Explainers Supplementary Material

Figure 0s: Scagnostics of the simple example

This is a "scagnostics" display of the explainers generated for the simple example of Figure 0. In the example, we created an explainer for the concept of "comedicness" - by finding a function that valued comedies (generally) higher than non-comedies. The particular one chosen is a simple one (two variables, unit weights). How did we pick that one?

There are many possible explainers of "comedicness." Which one is best involves a tradeoff between correctness (really putting comedies above non-comedies), simplicity (for various metrics of how simple the functions are), and some other things (that don't apply as much to this example).
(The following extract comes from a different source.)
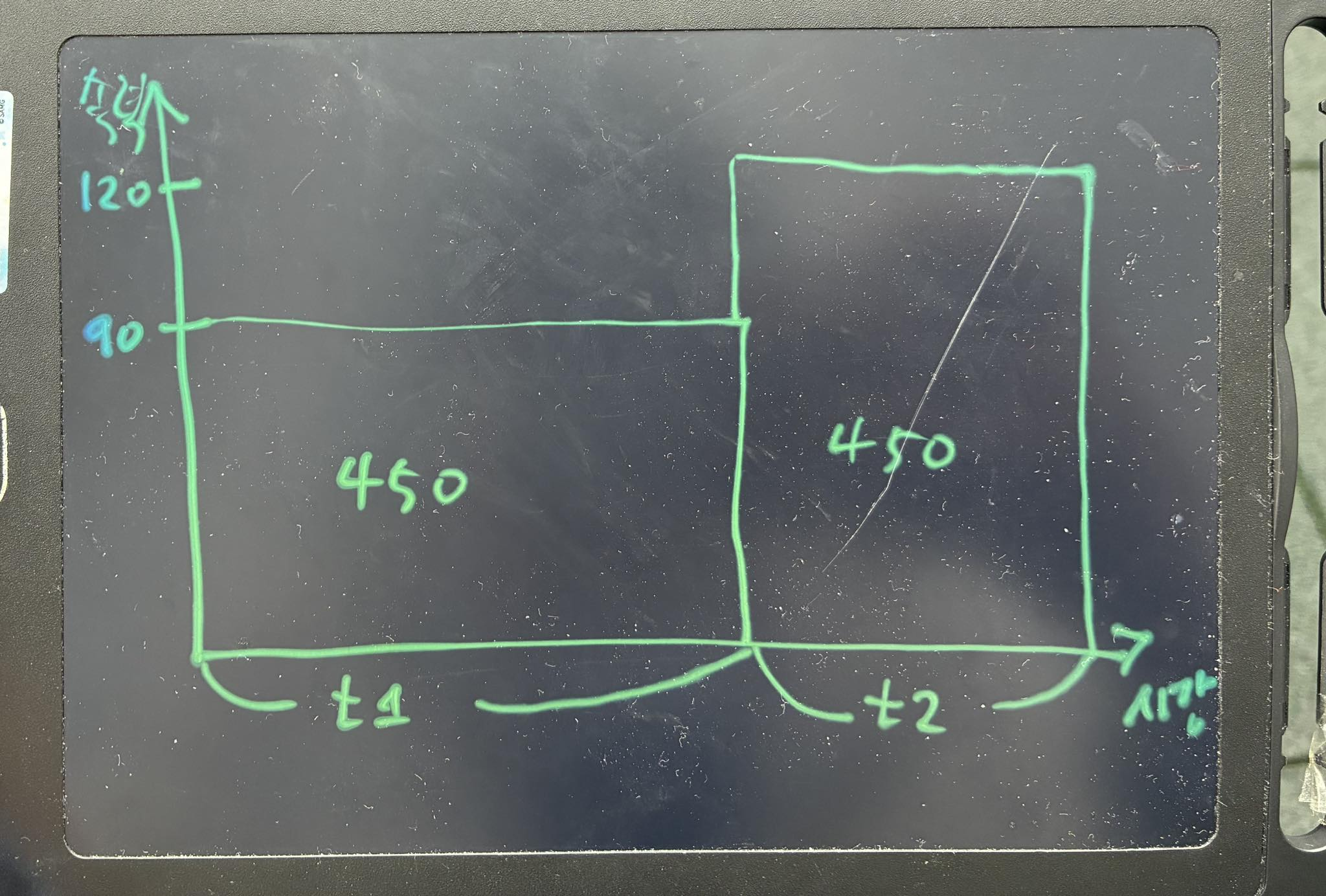 여기서 평균속력이란 총 시간 (t1 + t2) 는 고정해둔 채 넓이가 900이 되는 속력을 뜻하는데, 조카가 생각한 것처럼 (90 + 120)의 절반인 105가 답이 되려면 t1과 t2가 동일해야 하는데, 실제로는 그렇지 않죠.

The way we choose amongst the tradeoffs is by generating a large number of explainers, and picking the ones that seem to be the sweet spots in this tradeoff.

For this example, we used the greedy algorithm (in the paper) to generate approximately 2000 1-4 variable functions. We then quantized these to various levels (to have integer coefficients). This gives us several thousand explainers to choose from.

To get a sense of this collection of explainers, we use a "scagnostics" style plot. I use scarequotes since its in the spirit of scagnostics, not the actual metrics proposed by Tukey (or Wilkinson and colleagues). In this kind of display, each explainer function is a point in high-dimensional space, where the axes are different metrics we might apply. Here, I am just using 5 metrics (since it's hard to view more than 5 dimensions): 3 of correctness (mcc, nth, and margin), and 2 for simplicity (number of variables and quantization level).

Showing this in a scatterplot matrix leads to a bit of a mess. We have thousands of points (each point is a function - and it appears on each of the graph), so there is horrendous overdraw. The color of the points represents the number of variables: red is 1, purple 2, blue 3, cyan 4. Lower numbered colors are always drawn on top of higher numbered ones (so if you see a blue dot, there might be cyan dots hiding underneath it).

What can you learn from this?

First, you can see that the system tried a few different levels of quantization (1,2,3,5,10).

Start by looking at the mcc (Mathews correlation coefficient) vs. nvars (number of variables) plot (4th row, 3rd one in). Remember that an mcc score of 1 is perfect. Notice that the best 1 variable explainer gets about .7, the best 2 variable explainer get close to 1. The best 3 and 4 variable explainers get perfect scores.

If you look carefully (it's very hard to see in this scatterplot) at the qlevel (quantization level) vs. mcc score, you can there is a blue dot at the upper right corner. In order to achieve the perfect mcc score with 3 variables (blue), you need a quantization level of 10. Notice there's a green dot at (5,1) - so there is a 4 variable explainer that gets a perfect score with a quantization level of 5. (there is probably also a green dot at (10,1), but its covered by the blue dot).

If you look at the margin plots, you can see the the 4 variable explainers can get much larger margins (expressed as a portion of the overall range) than the explainers with fewer variables. You might care about this if you care about machine learning theory (the theory of SVMs is based on maximizing the margins), or want to make pictures like Figure 4.

So which choice is best? It depends! The best 2 variable explainer is really simple, but gets a few wrong. So it was a good choice for Figure 0. If we really cared about perfect correctness, the 3 variable explainer might be a good choice, but it requires a more complicated set of coefficients. A four variable explainer can get this performance and bigger margins and simpler coefficients - but 4 variables might be too complicated for interpretation.